Please restate word for word the lines of the entries below from the one with "Jetzt wartet die" to the one with "A Aufdruck Crema", inclusive, and leave out every picture.

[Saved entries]
= Beginning of Section =

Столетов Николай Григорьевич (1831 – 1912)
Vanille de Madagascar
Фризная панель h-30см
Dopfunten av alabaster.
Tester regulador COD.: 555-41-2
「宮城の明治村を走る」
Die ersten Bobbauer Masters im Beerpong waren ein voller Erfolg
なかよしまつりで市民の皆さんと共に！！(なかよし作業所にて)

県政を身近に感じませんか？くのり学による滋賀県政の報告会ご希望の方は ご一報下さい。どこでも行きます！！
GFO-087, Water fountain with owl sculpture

= End of Section =
= Beginning of Section =

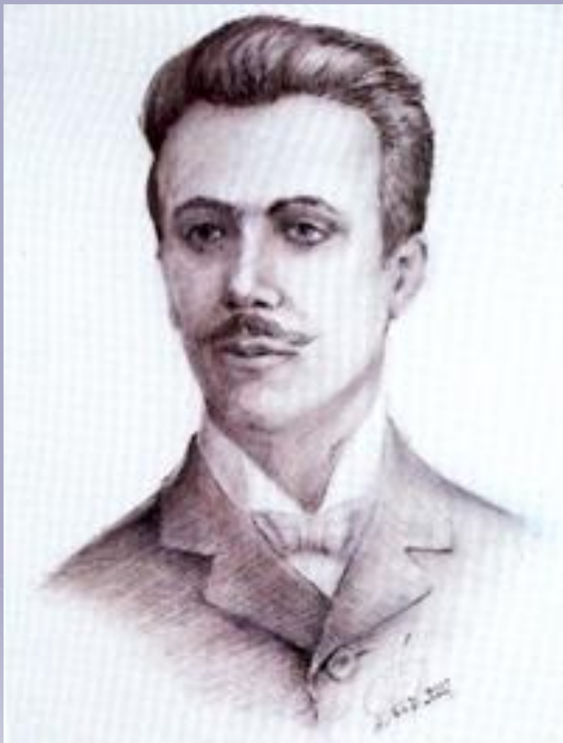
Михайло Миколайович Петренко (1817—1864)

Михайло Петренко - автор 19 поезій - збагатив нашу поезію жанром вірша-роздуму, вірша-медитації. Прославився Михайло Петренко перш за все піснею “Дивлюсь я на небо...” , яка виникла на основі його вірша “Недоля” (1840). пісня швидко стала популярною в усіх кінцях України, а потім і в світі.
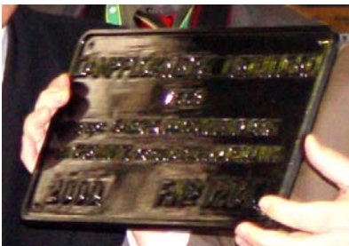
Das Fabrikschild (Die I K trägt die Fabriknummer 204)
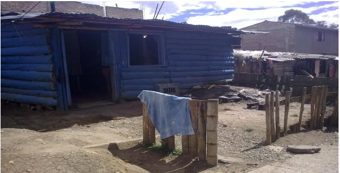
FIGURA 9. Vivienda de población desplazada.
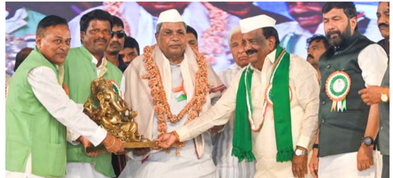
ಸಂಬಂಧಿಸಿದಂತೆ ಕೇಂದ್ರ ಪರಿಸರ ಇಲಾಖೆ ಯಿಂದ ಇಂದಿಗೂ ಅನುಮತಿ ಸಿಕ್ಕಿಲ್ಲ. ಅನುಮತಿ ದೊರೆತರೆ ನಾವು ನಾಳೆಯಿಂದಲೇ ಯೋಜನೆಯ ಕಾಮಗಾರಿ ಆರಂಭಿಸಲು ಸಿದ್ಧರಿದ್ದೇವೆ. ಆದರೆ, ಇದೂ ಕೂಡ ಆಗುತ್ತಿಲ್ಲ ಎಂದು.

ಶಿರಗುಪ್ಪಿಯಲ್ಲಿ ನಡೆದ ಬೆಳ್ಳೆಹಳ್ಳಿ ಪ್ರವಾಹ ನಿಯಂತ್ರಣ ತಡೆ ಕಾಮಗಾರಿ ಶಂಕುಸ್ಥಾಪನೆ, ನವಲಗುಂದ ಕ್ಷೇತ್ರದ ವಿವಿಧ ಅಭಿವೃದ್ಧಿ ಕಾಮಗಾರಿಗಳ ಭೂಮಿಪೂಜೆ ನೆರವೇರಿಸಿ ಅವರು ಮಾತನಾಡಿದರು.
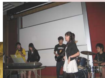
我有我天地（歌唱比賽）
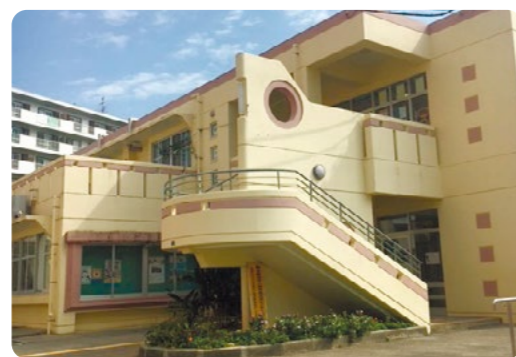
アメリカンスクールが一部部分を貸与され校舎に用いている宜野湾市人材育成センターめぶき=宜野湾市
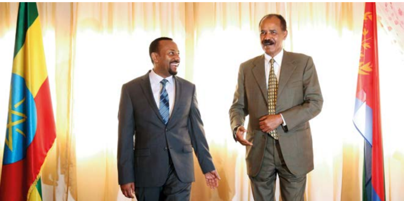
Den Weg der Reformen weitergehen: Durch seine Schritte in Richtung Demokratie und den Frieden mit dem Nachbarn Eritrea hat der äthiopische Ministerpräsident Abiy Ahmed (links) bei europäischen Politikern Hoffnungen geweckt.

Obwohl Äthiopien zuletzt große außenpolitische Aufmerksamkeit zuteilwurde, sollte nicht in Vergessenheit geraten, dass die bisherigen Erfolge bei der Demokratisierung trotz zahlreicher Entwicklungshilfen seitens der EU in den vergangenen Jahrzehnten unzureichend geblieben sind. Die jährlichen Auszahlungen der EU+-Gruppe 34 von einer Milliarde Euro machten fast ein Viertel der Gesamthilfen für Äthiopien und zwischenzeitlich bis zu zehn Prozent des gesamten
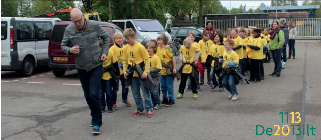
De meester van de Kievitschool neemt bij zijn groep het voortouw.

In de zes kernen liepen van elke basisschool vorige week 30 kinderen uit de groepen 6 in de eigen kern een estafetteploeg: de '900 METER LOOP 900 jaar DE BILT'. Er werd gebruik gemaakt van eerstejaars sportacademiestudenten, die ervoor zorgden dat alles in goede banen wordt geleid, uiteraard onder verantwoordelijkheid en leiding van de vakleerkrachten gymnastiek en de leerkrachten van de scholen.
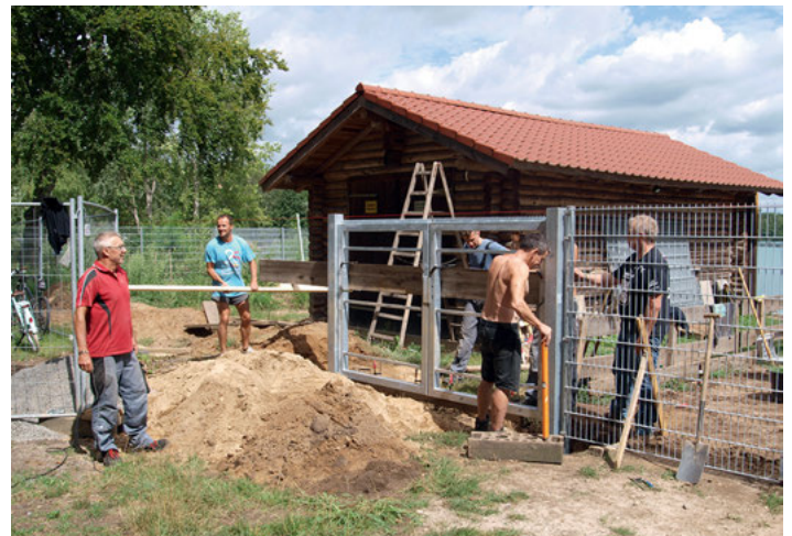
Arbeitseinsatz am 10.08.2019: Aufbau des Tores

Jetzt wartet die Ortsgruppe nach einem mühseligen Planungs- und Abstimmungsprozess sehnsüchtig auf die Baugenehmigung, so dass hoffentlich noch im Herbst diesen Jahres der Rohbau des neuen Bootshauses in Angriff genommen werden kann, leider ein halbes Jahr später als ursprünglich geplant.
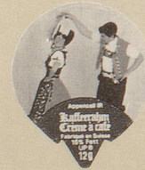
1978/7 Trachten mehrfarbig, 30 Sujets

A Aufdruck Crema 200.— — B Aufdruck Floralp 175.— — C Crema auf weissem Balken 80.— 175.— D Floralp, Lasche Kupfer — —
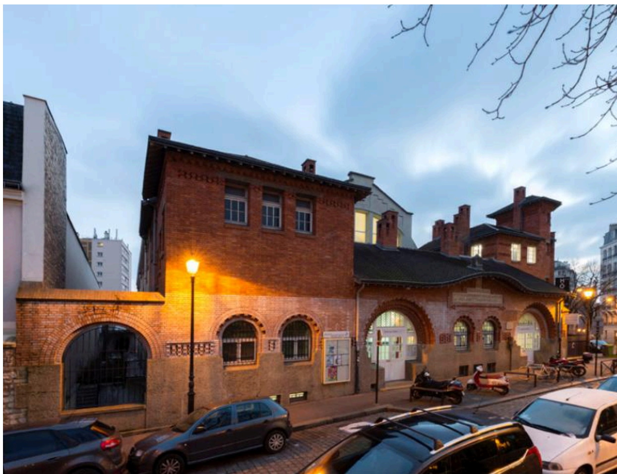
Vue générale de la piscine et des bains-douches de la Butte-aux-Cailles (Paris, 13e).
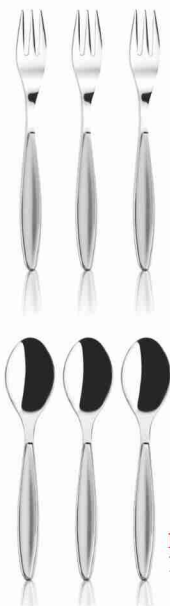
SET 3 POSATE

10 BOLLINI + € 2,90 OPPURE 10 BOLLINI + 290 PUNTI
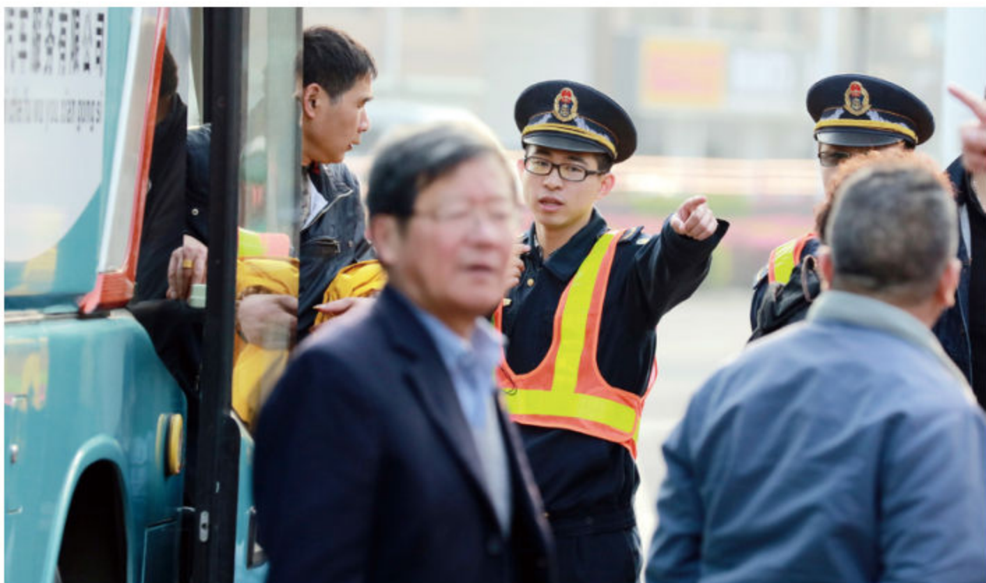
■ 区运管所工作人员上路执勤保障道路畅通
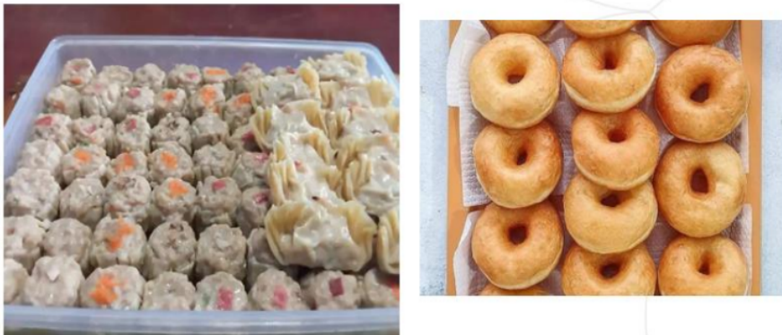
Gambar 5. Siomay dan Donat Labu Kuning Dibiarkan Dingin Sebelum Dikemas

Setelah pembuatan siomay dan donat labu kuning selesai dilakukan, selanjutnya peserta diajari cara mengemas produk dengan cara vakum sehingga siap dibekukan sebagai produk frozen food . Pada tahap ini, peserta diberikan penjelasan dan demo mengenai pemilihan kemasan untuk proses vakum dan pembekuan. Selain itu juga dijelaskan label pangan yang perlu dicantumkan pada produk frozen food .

= End of Section =

Response area:
Jetzt wartet die Ortsgruppe nach einem mühseligen Planungs- und Abstimmungsprozess sehnsüchtig auf die Baugenehmigung, so dass hoffentlich noch im Herbst diesen Jahres der Rohbau des neuen Bootshauses in Angriff genommen werden kann, leider ein halbes Jahr später als ursprünglich geplant.
1978/7 Trachten mehrfarbig, 30 Sujets

A Aufdruck Crema 200.— — B Aufdruck Floralp 175.— — C Crema auf weissem Balken 80.— 175.— D Floralp, Lasche Kupfer — —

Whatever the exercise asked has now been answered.